I guess the only follow-up I have is...I don't know that it has been four years "since my warts have been gone." That was when I first noticed it, and had the treatment done. (Also, at about the same time, I believe, another doctor diagnosed me with molloscum...so this may all be a moot point, as what the one GP was saying was "a wart" may have been the other thing.)
Your bottom line puts me at ease though. I'd much prefer to simply let this be, and not mention it with future partners (since as you might tell from how I phrased my question, that'd probably initiate an unneeded catastrophe.) If you think it's fair to proceed without having that discussion--even though I didn't mark the exact date when the wart disappeared, which may have been 3.5, 3 years ago, etc--than I feel better about the whole (trivial) thing.
This information does not change my opinion or advice.
One addendum: whatever treatment the doctor used was done only once, in the office.
He put some solution on the area that, from what I remember, turned the area a vivid inky color. He did not freeze the warts, nor was I given any oral medication, etc.
Welcome to the STD forum. Thank you for reading other discussions and attempting to learn the answers there. In general, it seems you have learned them well -- but you may be looking for more fine-tuned answers than are available. And it seems you have read some of my bottom-line, take-home messages without adequate attention to the qualifications and uncertainties that I am also careful to mention.
There are no solid data on the duration of HPV, and no definite agreement even on the definitions of "cure", "eradication", or "persistence" of HPV. What is known with some certainty (but not much precision) is that among women with asymptomatic genital HPV infections, within several months -- typically 6-12 months for low risk HPV types and typically 12-24 months for high risk types like HPV 16 and 18 -- in the large majority of women viral DNA can no longer be detected with available test methods. There are no data on how long infection persists in patients with overt, visible warts (after the warts themselves are gone); how long HPV persists in men; or whether infection persists even when the available tests become negative.
My 6 month advice to patients with warts is only my rough estimate of the time a person may be infectious for his or her partners after visible warts are gone. For all I know it's really 3 months or really a year, or maybe more than that. (However, to my knowledge I have never had a patient who transmitted warts to a partner 6 months after his or her warts had cleared up. But that doesn't prove it can't happen.)
Are you completely cleared of HPV 4 years after your warts have been gone? My judgment is probably yes -- but I certainly won't guarantee that.

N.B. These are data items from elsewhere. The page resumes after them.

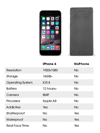 W przeciwieństwie do zwykłych telefonów, NoPhone ma szereg przewag i zalet: nie trzeba pamiętać aby go ładować, nie trzeba obawiać się, że się popsuje po upadku, nie trzeba martwić się co z nim zrobić w Śmingus-Dyngus. W sumie jedyne co mu grozi to spalenie.
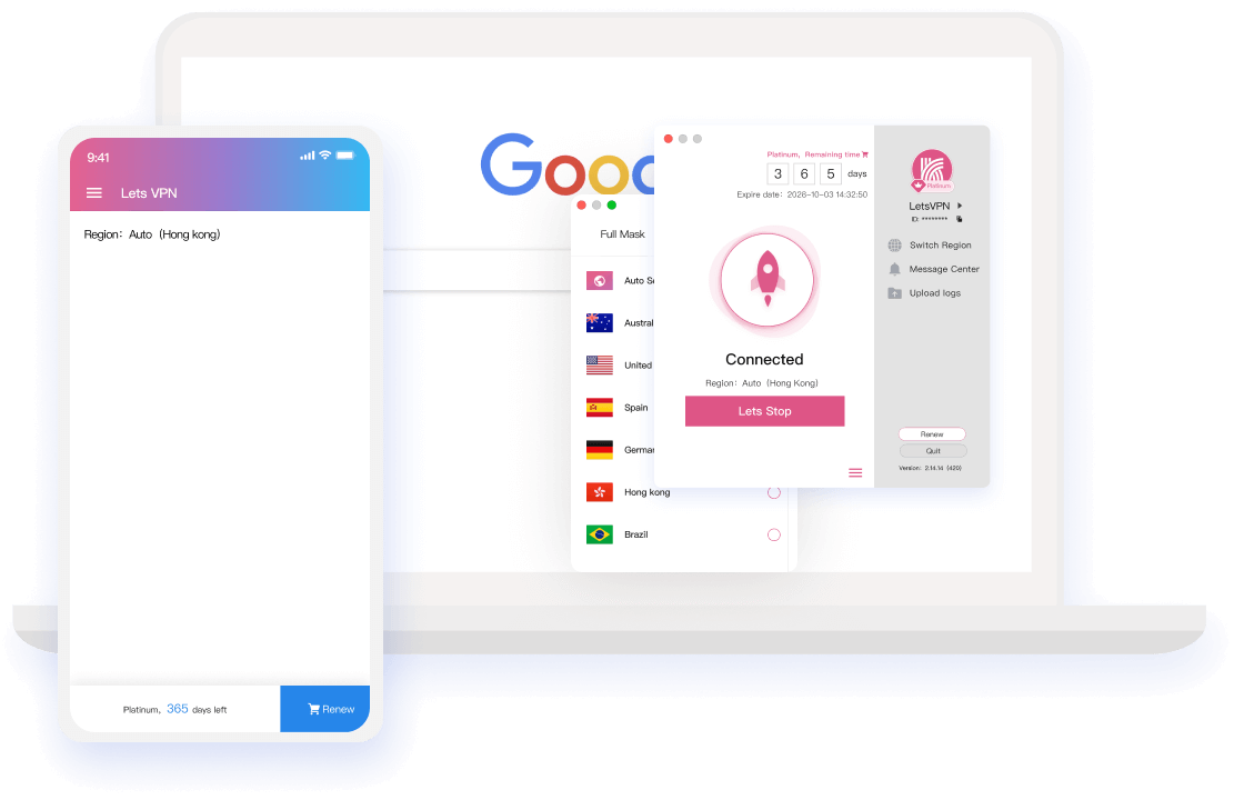 LetsVPN supports global network resources, unrestricted and unrecorded access to any resources, and at the same time uses the most advanced technology to help you erase any traces.
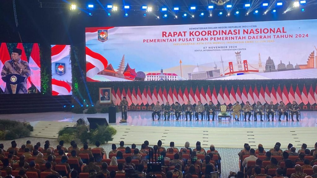 “Kepada seluruh kepala daerah harus mampu mengambil keputusan agar menyelesaikan masalah yang ada di daerah. Tak hanya sekadar sebagai pemangku kebijakan saja,” pungkasnya. Terakhir, Prabowo pun mengapresiasi inisiatif dari Kementerian Dalam Negeri yang dipimpin oleh Tito Karnavian karena bisa menyelenggarakan forum yang melibatkan peserta lebih dari 5.000 orang tersebut.
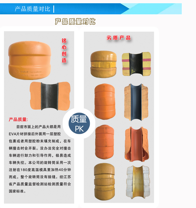 According to market research found that many businesses on the market to promote a lot of rotary barrier, but the industry qualified and qualified qualified businesses rare, mostly filled with foam, there are a lot of security risks. While this fence, R & D organizations using EVC and a dozen new polyurethane composite material barrel form, is not only safe and beautiful. According to the Beijing crash test analysis, single barrel rotation is not large, that is, unloading effect is not good, but a simple buffer effect. Division I professional R & D team on the basis of the new research and development of the double barrel rotary fence, a column up and down two barrels. According to the analysis of the experiment, the impact of small vehicles in the next barrel, large vehicles hit the vat. This invention designed by ten national invention patents, the market is certainly big, we hold one of the greatest pride.
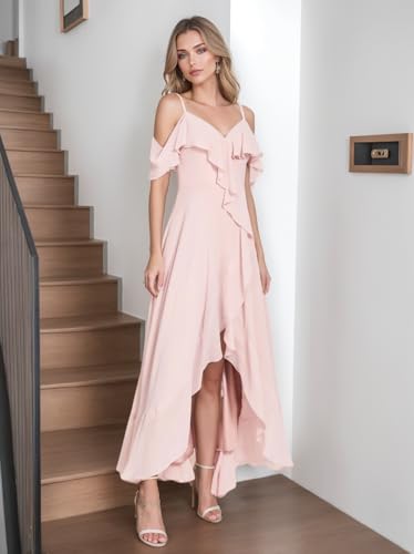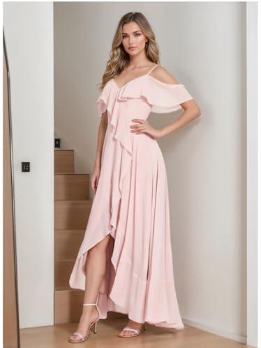 More information about Cold Shoulder Bridesmaid Dresses for Women 2024 Chiffon Ruffle A-Line Hi-Lo Formal Evening Gowns V-Neck Open Back
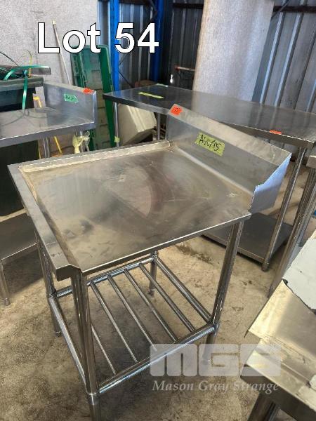 STAINLESS STEEL BENCH, 2 TIER WITH SPLASHBACK RHS DISHWASHER LIP, 610 x 700mm (FACTORY SECONDS UNUSED)
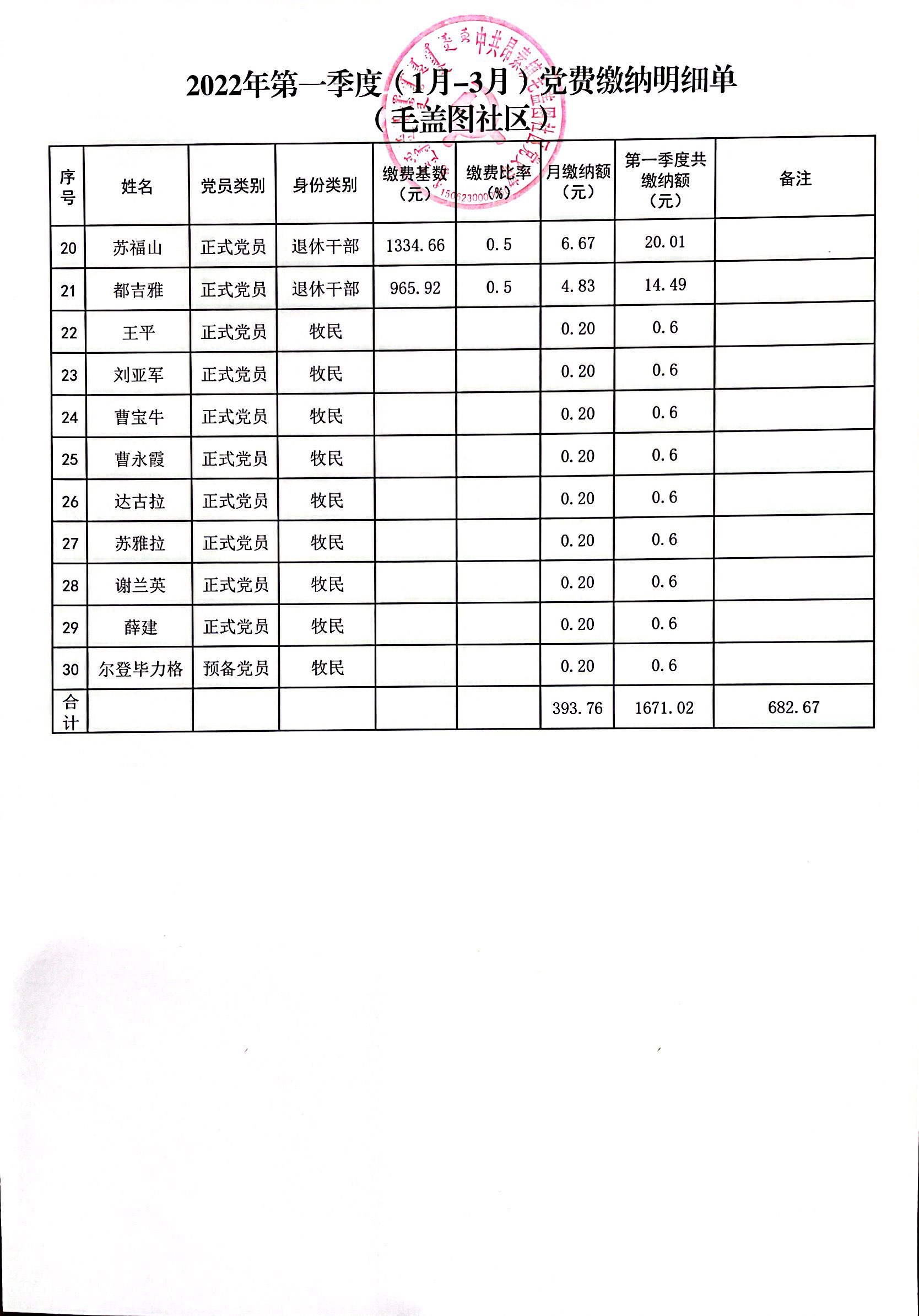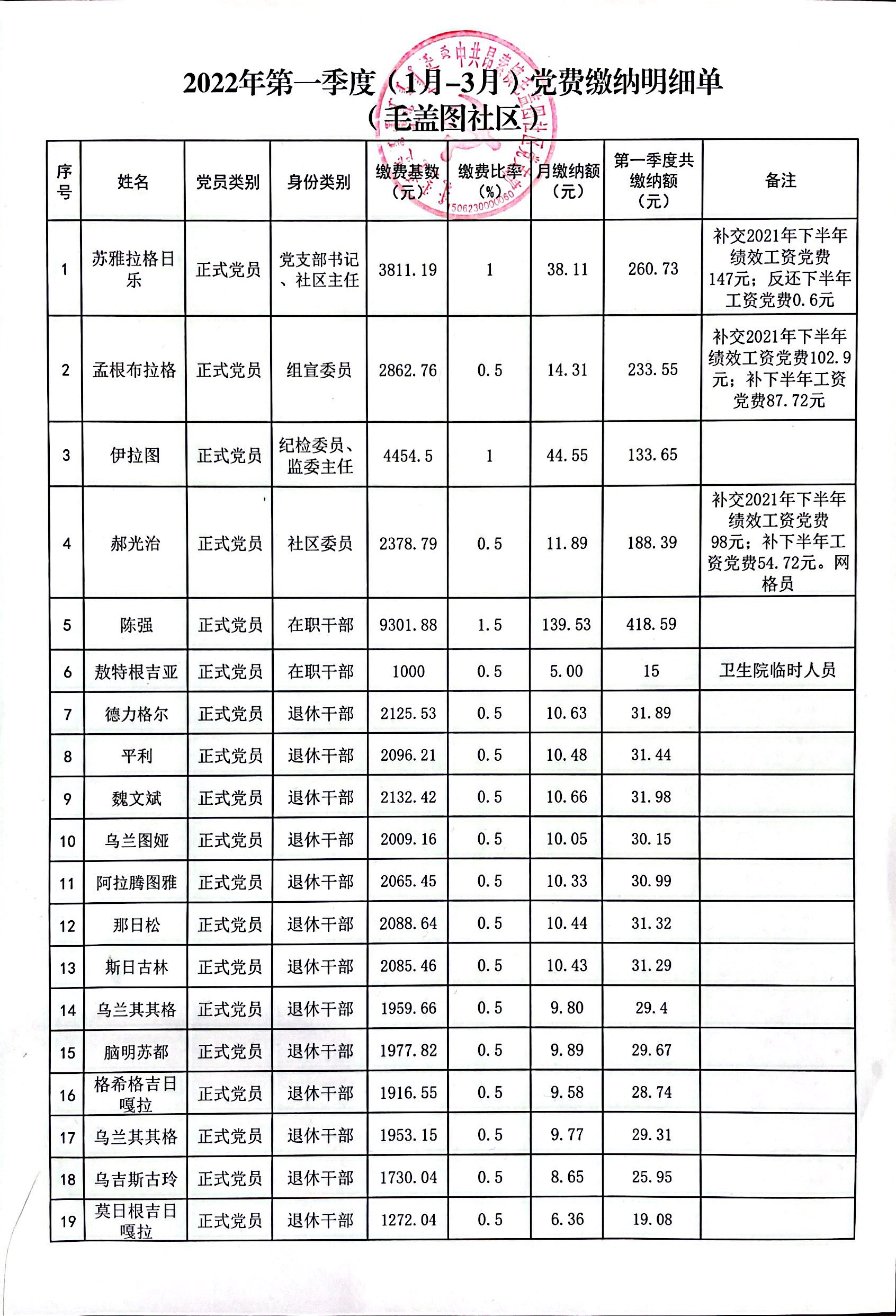 毛盖图社区党支部2022年第一季度党费

Finally, the other point you seem to have missed is that catching genital HPV, with or without overt warts, should be viewed as a mostly trivial inconvenience -- in fact, not even an inconvenience in most cases, since most cases are asymptomatic, go away, and never cause disease in either infected persons or their partners. HPV is an inevitable, normal part of human sexuality; not desirable, of course, but normal (as long as we agree that something that happens to 80% of people is normal). Women should have the HPV vaccine (and soon men as well, since the US FDA is soon expected to approve Gardasil for males) to reduce the risk of catching the most troublesome types; and women should have pap smears. Besides those steps, people should more or less forget genital HPV and not worry about it.
Bottom line: After 4 years, you should assume you are cured, and don't worry about it if that happens to not be the case. This impersonal virus simply isn't worth the amount of emotional energy you seem to have devoted to it.